What this task involves. Skip the pictures. Retype exactly, and only, the lines between the line holding "Destacó además que" and the last line below, inclusive.

Input data.
"""
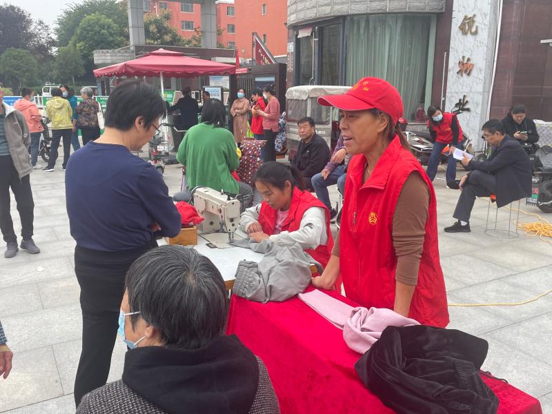 10月14日,在川匯區(qū)文昌大道的中原社區(qū)A區(qū)大門口,數(shù)十名身穿紅馬甲的志愿者在忙著幫社區(qū)老年人截褲腳、剪頭發(fā)、補鞋子。志愿者們深入社區(qū),為老年人服務。此外,他們還在蓮花路、太昊路、文明路、交通路街頭值勤,助力文明周口建設。①5
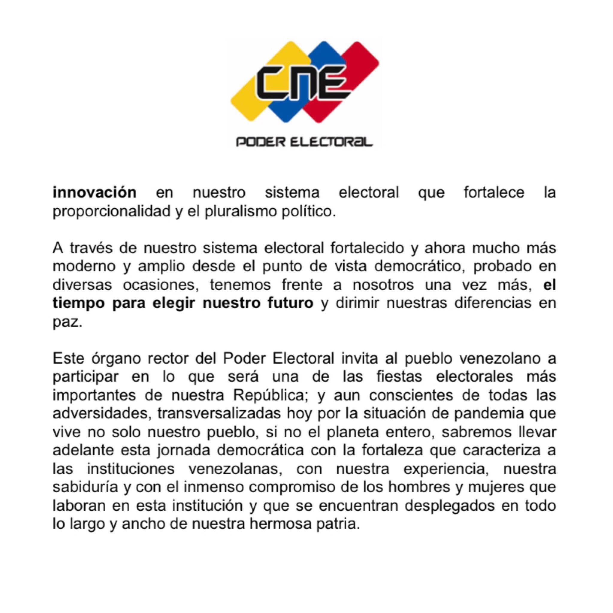 Destacó además que más de 70 organizaciones políticas nacionales y regionales hicieron la presentación física de sus propuestas para las próximas elecciones parlamentarias ante el CNE. Añadió a su vez la rectora que «la nueva junta directiva del Poder Electoral evalúa dichas presentaciones para su eventual incorporación en el proceso comicial», que se prevé desarrollar en diciembre.
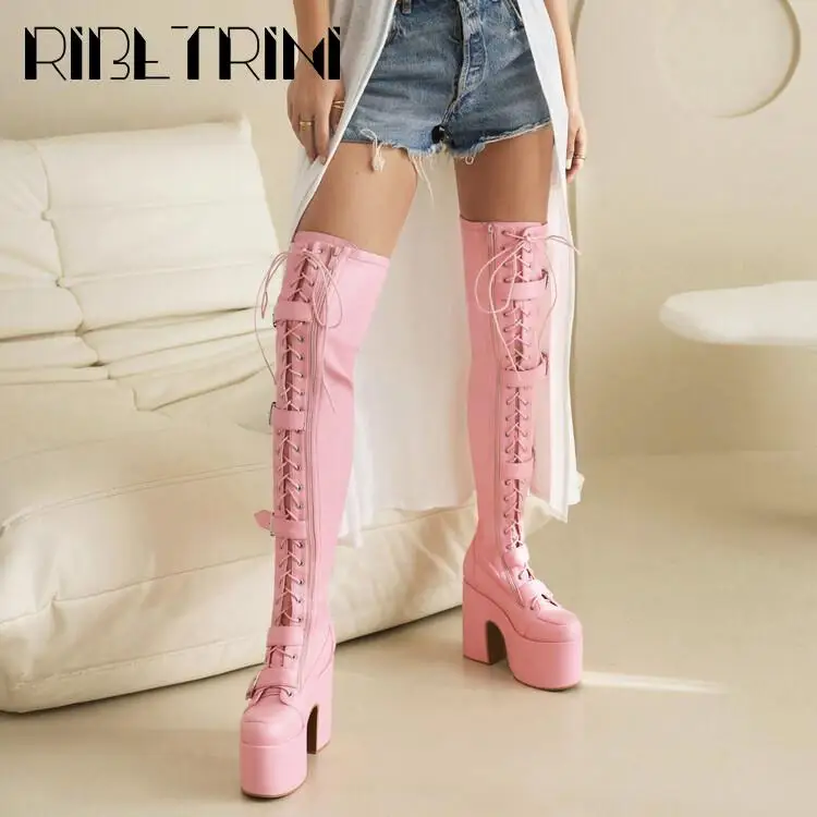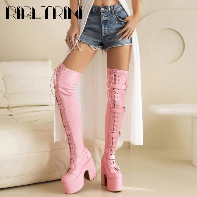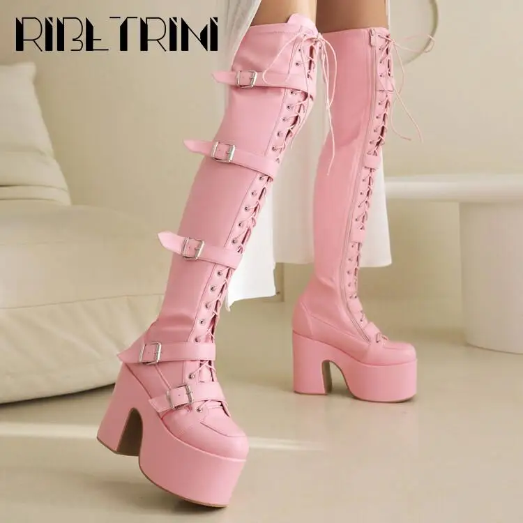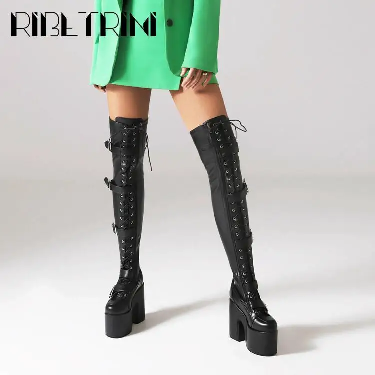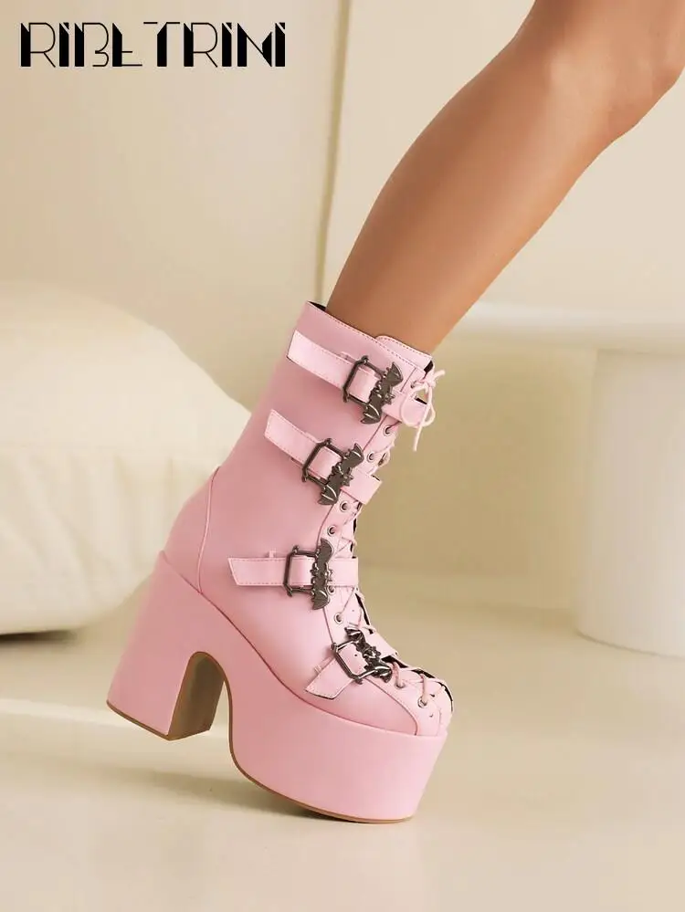 Goth Women Motorcycle Boots Block High Heels Platform Cool Street Boots
"""
Output.
 Destacó además que más de 70 organizaciones políticas nacionales y regionales hicieron la presentación física de sus propuestas para las próximas elecciones parlamentarias ante el CNE. Añadió a su vez la rectora que «la nueva junta directiva del Poder Electoral evalúa dichas presentaciones para su eventual incorporación en el proceso comicial», que se prevé desarrollar en diciembre.
 Goth Women Motorcycle Boots Block High Heels Platform Cool Street Boots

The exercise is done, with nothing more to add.